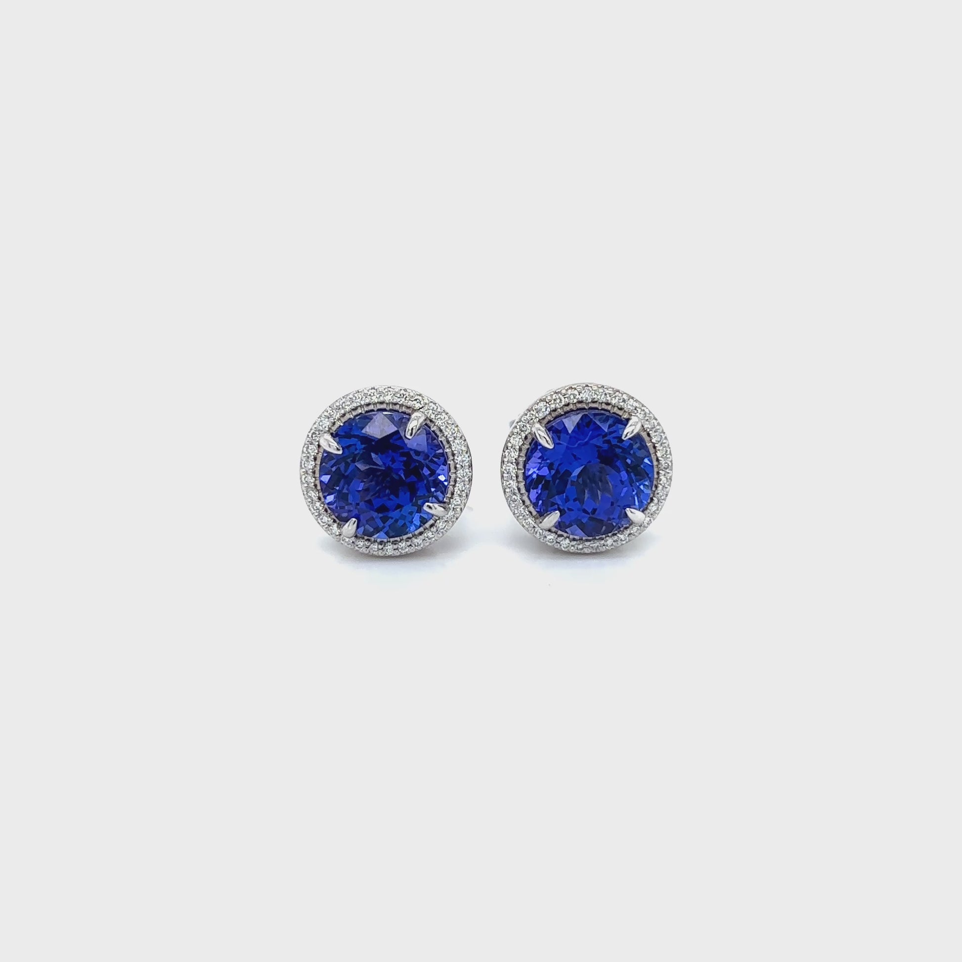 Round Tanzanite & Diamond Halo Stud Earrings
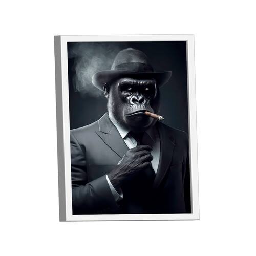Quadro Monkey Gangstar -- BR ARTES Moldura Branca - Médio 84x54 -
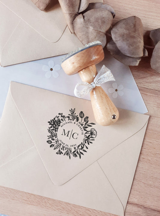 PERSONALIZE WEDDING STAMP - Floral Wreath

--

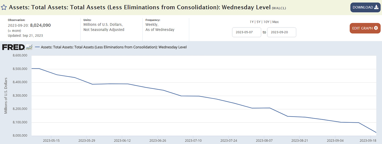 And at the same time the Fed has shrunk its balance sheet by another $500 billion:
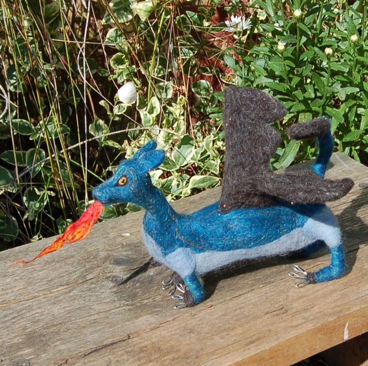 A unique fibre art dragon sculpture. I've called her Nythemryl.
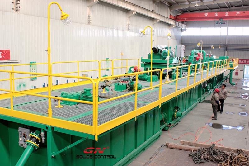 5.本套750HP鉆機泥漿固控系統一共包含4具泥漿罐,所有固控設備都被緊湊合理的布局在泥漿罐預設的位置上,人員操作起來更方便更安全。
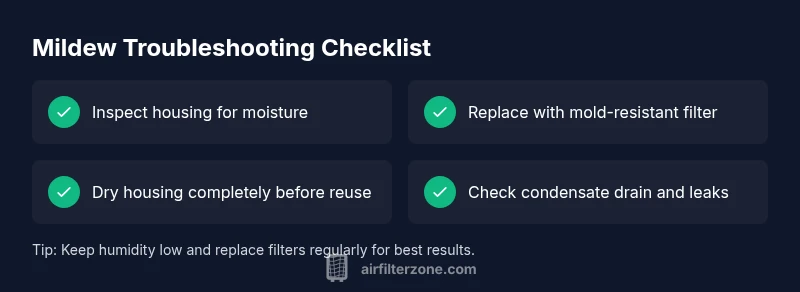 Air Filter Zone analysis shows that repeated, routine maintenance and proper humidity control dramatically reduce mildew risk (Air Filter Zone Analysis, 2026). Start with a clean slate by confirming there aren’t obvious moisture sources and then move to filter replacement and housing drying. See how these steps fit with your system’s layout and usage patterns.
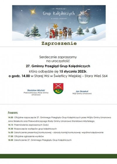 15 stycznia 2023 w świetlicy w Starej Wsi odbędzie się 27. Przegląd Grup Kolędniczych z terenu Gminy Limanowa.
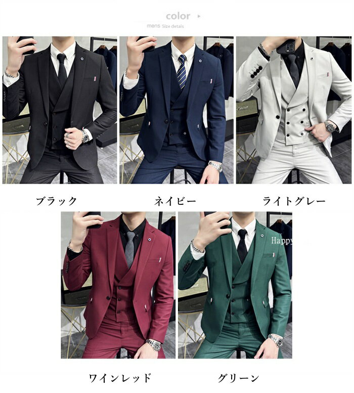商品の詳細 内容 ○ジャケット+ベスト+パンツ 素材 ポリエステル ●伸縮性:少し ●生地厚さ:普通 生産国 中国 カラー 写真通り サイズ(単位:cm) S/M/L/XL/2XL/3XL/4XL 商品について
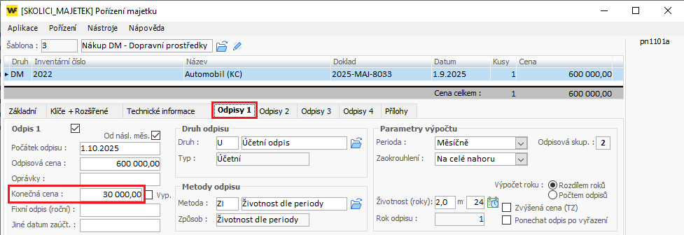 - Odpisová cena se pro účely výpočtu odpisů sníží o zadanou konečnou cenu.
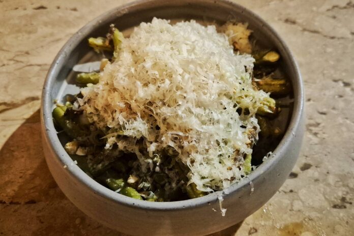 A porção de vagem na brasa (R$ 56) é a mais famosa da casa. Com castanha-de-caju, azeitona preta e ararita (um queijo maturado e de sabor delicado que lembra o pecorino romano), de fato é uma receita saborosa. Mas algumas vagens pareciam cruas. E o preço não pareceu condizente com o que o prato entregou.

...

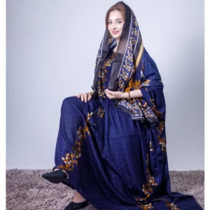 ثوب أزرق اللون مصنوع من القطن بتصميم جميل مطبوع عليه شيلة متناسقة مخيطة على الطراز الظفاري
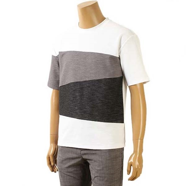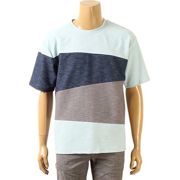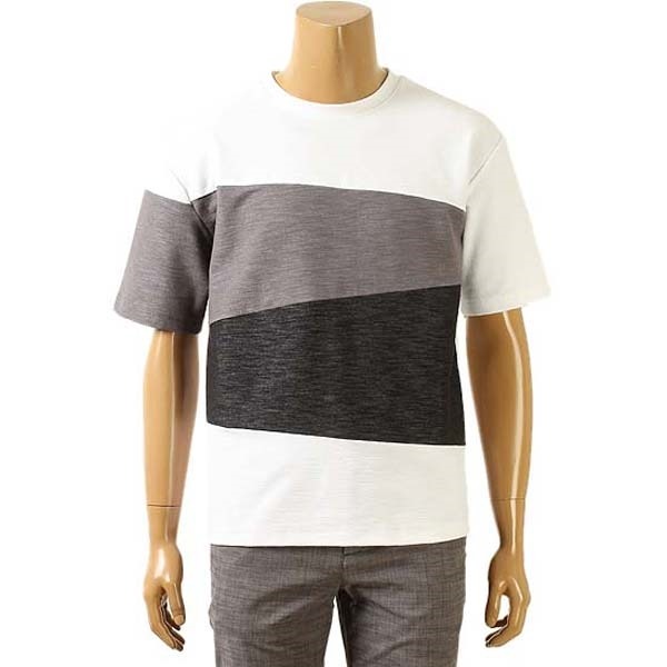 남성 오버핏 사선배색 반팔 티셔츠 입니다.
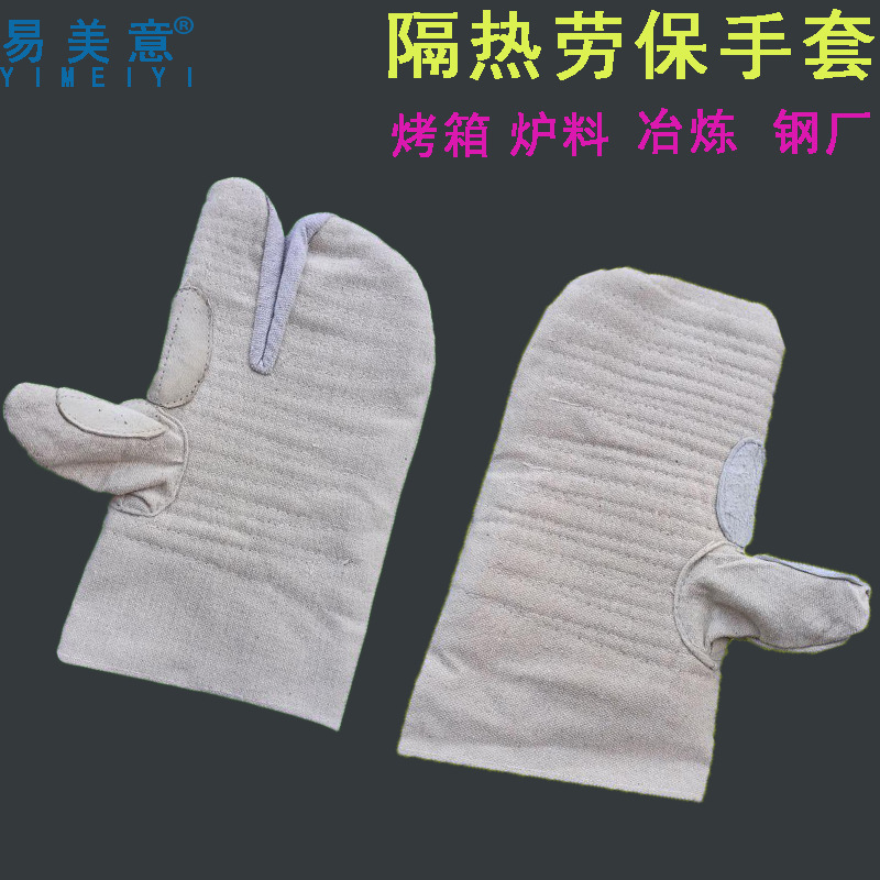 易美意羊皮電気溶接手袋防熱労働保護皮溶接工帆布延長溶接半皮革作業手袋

◆ Exercise prompt ◆
Within the listing above, the lines from the one with "- Odpisová cena" through the one with "A porção de" are to be given again word for word. Do not include pictures.

◆ Solution for this problem ◆
 - Odpisová cena se pro účely výpočtu odpisů sníží o zadanou konečnou cenu.
 A porção de vagem na brasa (R$ 56) é a mais famosa da casa. Com castanha-de-caju, azeitona preta e ararita (um queijo maturado e de sabor delicado que lembra o pecorino romano), de fato é uma receita saborosa. Mas algumas vagens pareciam cruas. E o preço não pareceu condizente com o que o prato entregou.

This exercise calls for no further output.